Dr. Qiben Yan, Dr. Li Xiao, & Dr. Arun Ross have been awarded an NSF grant

Recent advances in artificial intelligence (AI) technologies have driven the widespread popularity and acceptance of commercial voice assistants, transforming the way in which we interact with the digital ecosystem and physical devices. These voice assistants have diverse applications across many critical sectors, ranging from smart homes and healthcare to e-commerce and self-driving vehicles. However, this rapidly evolving technology has introduced new cybersecurity threats that could significantly undermine voice system security. For example, the criminal exploitation of AI technologies has led to the advent of audio deepfakes that can be used to circumvent speaker verification protocols in banking systems. This project addresses AI-driven attacks through a comprehensive exploration of audio attack strategies and the development of a defensive framework to strengthen recognition performance and counteract these attacks. The project's broader significance and importance are underpinned by its deep understanding of AI-driven voice attacks and the methodologies to deploy defenses against them, thereby enhancing the safety of voice-controlled systems across various sectors. The project also provides research training opportunities for underrepresented students, both undergraduate and graduate, as well as K-12 students through well-crafted curriculum design and engaging outreach activities.

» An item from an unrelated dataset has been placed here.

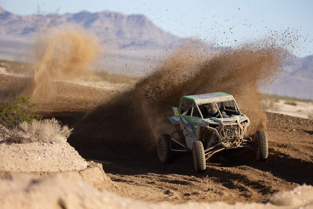 After the short course concluded, the racers would be greeted with a 5.7-mile-long course spread out behind the parking lot of Buffalo Bills. Sweeper Steve and the rest of the WORCS dirt crew put together a great track to challenge each of the racers. Recently crowned champion Judge wanted to end his season like how it began but this weekend with two victories, and that’s precisely what he did. He would grab the holeshot as he put those Elka Shocks to work, gliding his way to success and grabbing the overall with a 1-1 on the weekend to cap an almost perfect season. Saxton and Cox, who would start in the second row, put their heads down early as they set out for the leaders on corrected time, with Saxton posting the fastest lap time of any racer in the desert course with a lap time of just under 9 minutes. Cox would finish in 3rd place as he finds himself on the podium for both Primm rounds.
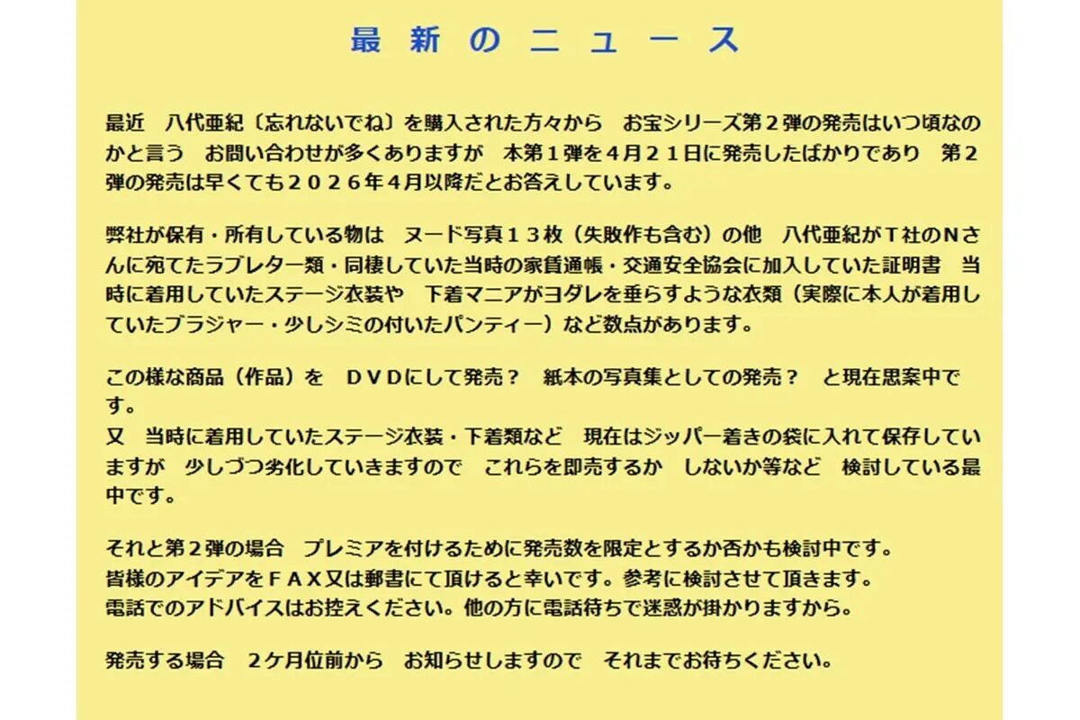 《弊社が保有・所有している物は ヌード写真13枚(失敗作も含む)の他 八代亜紀がT社のNさんに宛てたラブレター類・同棲していた当時の家賃通帳・交通安全協会に加入していた証明書 当時に着用していたステージ衣装や 下着マニアがヨダレを垂らすような衣類(実際に本人が着用していたブラジャー・少しシミの付いたパンティー)など数点があります》

The goal of this project is to scrutinize the robustness of automatic speaker and speech recognition (ASSR) against AI-driven digital and physical voice attacks, and further develop a defensive framework for enhancing the resilience of voice signals and voice models. The research activities include: (i) characterizing physically-realizable attacks targeting speaker recognition and measuring the impact of stealthy attacks on speech recognition; (ii) designing robust learning-based defenses by shielding the voice signals from threats posed by voice synthesis techniques, and analyzing high-frequency voice components to reveal attack signals; and (iii) developing a robustness enhancement framework that incorporates vocal styles and facial expression features in a multi-modality speaker and speech representation scheme. The insights and technologies generated through this project significantly advance our understanding of voice assistant security, foster secure next-generation voice applications, and enable voice systems to fully leverage emerging sensing and learning technologies.

(Date Posted: 2023-08-23)